## EXTRACTED MATERIAL

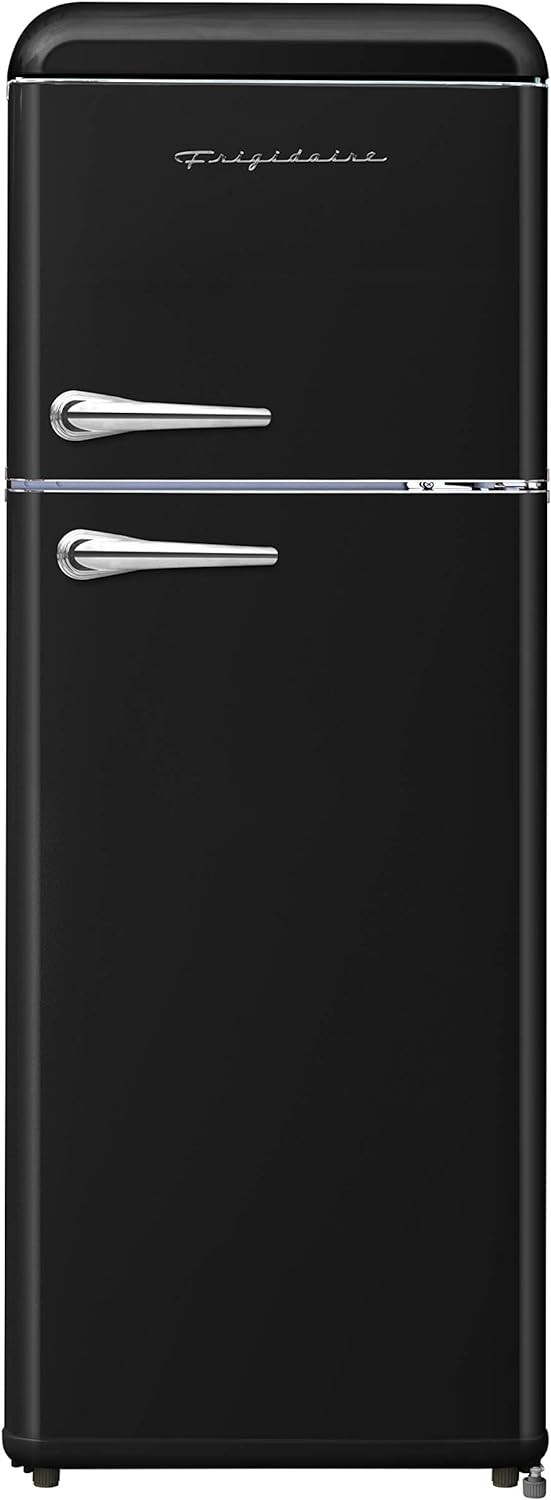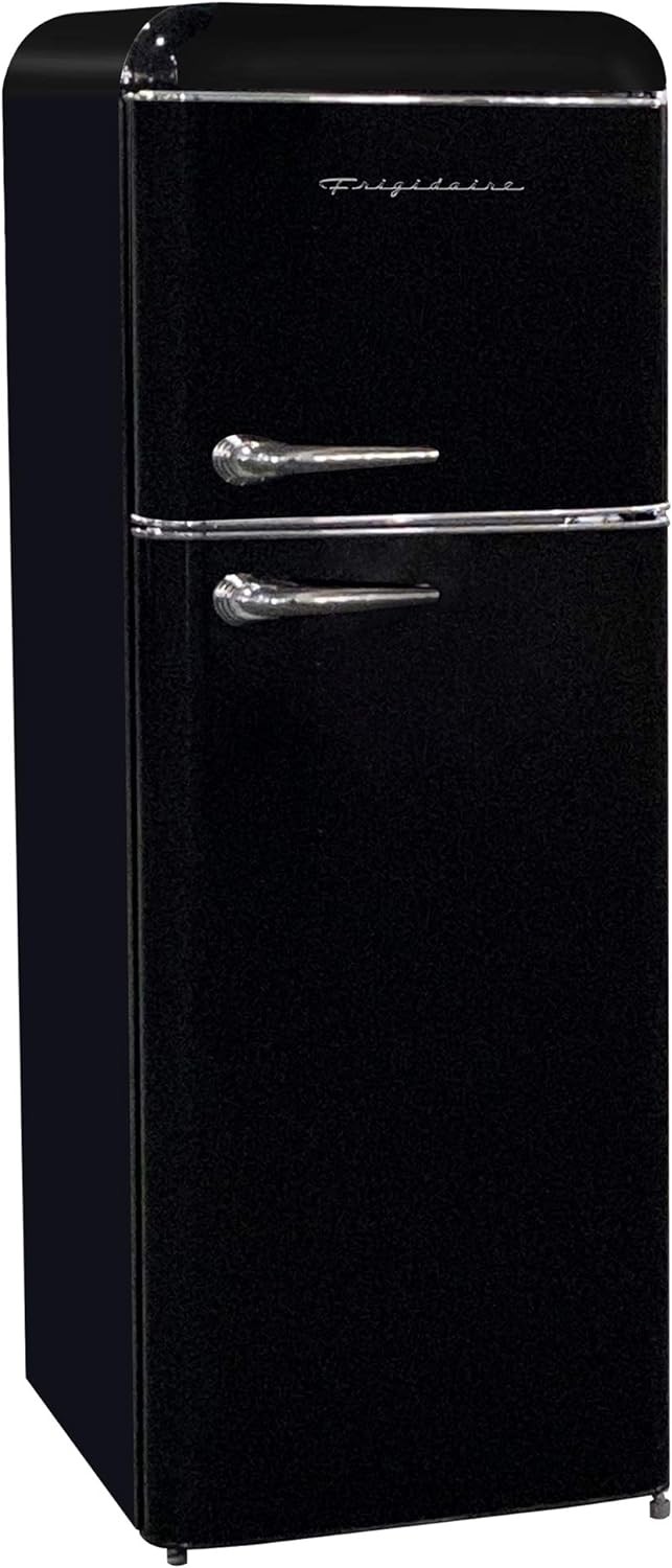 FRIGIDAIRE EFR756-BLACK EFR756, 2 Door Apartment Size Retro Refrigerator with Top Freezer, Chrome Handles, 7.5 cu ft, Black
---
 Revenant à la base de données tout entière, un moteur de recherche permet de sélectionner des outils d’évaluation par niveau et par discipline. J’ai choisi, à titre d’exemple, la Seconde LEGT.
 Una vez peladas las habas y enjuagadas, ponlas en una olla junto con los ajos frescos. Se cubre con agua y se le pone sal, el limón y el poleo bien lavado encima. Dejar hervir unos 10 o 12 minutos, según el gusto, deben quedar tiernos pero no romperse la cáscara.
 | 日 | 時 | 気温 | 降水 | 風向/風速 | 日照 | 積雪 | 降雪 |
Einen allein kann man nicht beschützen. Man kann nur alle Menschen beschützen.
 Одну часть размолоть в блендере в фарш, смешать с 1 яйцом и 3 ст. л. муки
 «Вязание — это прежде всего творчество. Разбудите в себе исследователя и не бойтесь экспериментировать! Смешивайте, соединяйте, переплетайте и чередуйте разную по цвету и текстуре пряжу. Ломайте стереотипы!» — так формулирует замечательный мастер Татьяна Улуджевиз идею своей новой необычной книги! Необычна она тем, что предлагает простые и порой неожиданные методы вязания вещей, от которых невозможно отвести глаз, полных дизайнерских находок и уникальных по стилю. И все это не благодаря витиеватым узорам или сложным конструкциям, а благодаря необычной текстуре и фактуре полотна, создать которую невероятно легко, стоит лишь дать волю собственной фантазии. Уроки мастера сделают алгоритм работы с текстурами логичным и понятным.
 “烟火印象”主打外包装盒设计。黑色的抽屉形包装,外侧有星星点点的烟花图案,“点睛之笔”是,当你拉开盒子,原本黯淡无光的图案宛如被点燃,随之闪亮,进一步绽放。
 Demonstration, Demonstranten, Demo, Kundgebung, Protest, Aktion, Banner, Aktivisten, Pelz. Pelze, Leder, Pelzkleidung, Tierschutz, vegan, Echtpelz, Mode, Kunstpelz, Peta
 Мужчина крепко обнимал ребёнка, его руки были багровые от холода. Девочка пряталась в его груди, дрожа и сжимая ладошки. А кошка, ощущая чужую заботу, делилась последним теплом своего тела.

## REQUIRED ACTION
When you reach the line containing "Una vez peladas" in the data above, start copying exactly, and stop after the line containing "Одну часть размолоть".

## TASK RESULT
 Una vez peladas las habas y enjuagadas, ponlas en una olla junto con los ajos frescos. Se cubre con agua y se le pone sal, el limón y el poleo bien lavado encima. Dejar hervir unos 10 o 12 minutos, según el gusto, deben quedar tiernos pero no romperse la cáscara.
 | 日 | 時 | 気温 | 降水 | 風向/風速 | 日照 | 積雪 | 降雪 |
Einen allein kann man nicht beschützen. Man kann nur alle Menschen beschützen.
 Одну часть размолоть в блендере в фарш, смешать с 1 яйцом и 3 ст. л. муки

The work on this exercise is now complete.